| Task goal |
Will you extract the entries word for word? Images should not appear in the copy.

•••

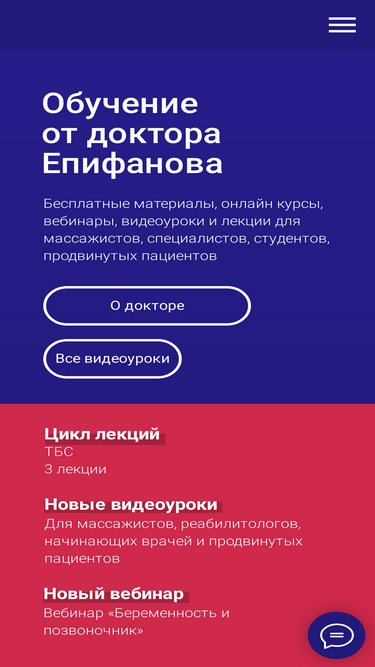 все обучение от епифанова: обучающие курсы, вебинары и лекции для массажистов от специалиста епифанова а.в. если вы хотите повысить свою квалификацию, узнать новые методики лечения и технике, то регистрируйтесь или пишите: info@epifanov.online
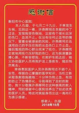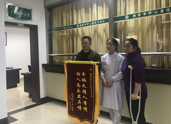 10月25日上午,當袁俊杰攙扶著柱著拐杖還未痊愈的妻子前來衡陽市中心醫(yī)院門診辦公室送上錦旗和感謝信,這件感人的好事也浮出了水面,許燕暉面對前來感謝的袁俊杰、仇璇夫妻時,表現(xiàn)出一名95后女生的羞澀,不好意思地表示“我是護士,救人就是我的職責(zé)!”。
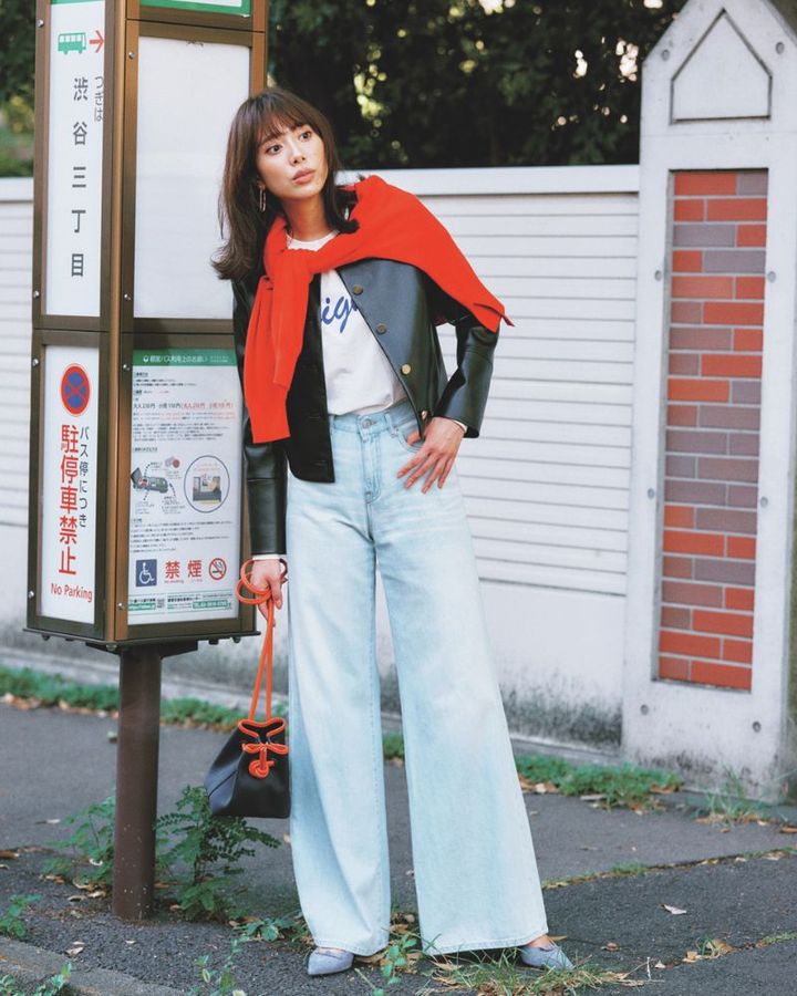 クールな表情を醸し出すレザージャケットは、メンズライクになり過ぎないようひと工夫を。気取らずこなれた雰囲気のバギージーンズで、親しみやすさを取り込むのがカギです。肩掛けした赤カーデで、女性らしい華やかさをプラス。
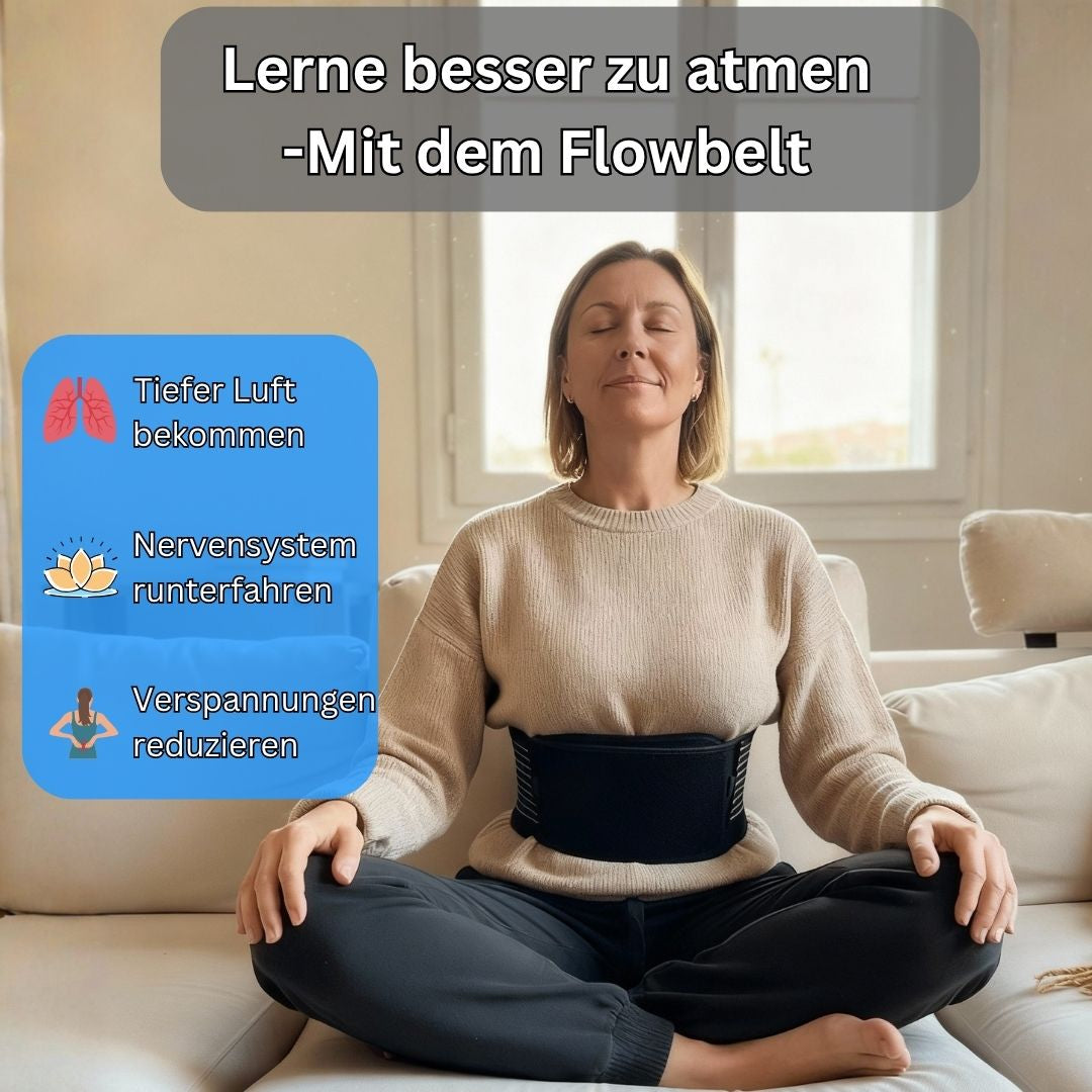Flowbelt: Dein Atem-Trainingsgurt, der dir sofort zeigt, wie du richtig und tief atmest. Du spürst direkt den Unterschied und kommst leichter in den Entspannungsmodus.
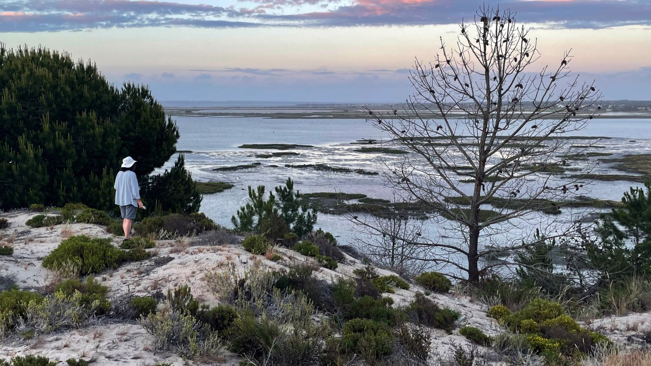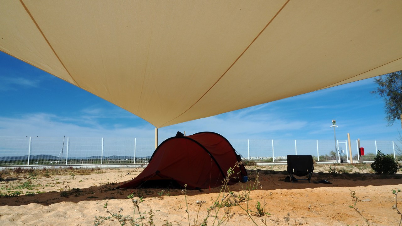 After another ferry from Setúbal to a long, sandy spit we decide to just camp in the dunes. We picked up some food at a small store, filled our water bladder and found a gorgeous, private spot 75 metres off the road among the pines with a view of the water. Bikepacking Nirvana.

•••

| Expected answer |
 все обучение от епифанова: обучающие курсы, вебинары и лекции для массажистов от специалиста епифанова а.в. если вы хотите повысить свою квалификацию, узнать новые методики лечения и технике, то регистрируйтесь или пишите: info@epifanov.online
 10月25日上午,當袁俊杰攙扶著柱著拐杖還未痊愈的妻子前來衡陽市中心醫(yī)院門診辦公室送上錦旗和感謝信,這件感人的好事也浮出了水面,許燕暉面對前來感謝的袁俊杰、仇璇夫妻時,表現(xiàn)出一名95后女生的羞澀,不好意思地表示“我是護士,救人就是我的職責(zé)!”。
 クールな表情を醸し出すレザージャケットは、メンズライクになり過ぎないようひと工夫を。気取らずこなれた雰囲気のバギージーンズで、親しみやすさを取り込むのがカギです。肩掛けした赤カーデで、女性らしい華やかさをプラス。
Flowbelt: Dein Atem-Trainingsgurt, der dir sofort zeigt, wie du richtig und tief atmest. Du spürst direkt den Unterschied und kommst leichter in den Entspannungsmodus.
 After another ferry from Setúbal to a long, sandy spit we decide to just camp in the dunes. We picked up some food at a small store, filled our water bladder and found a gorgeous, private spot 75 metres off the road among the pines with a view of the water. Bikepacking Nirvana.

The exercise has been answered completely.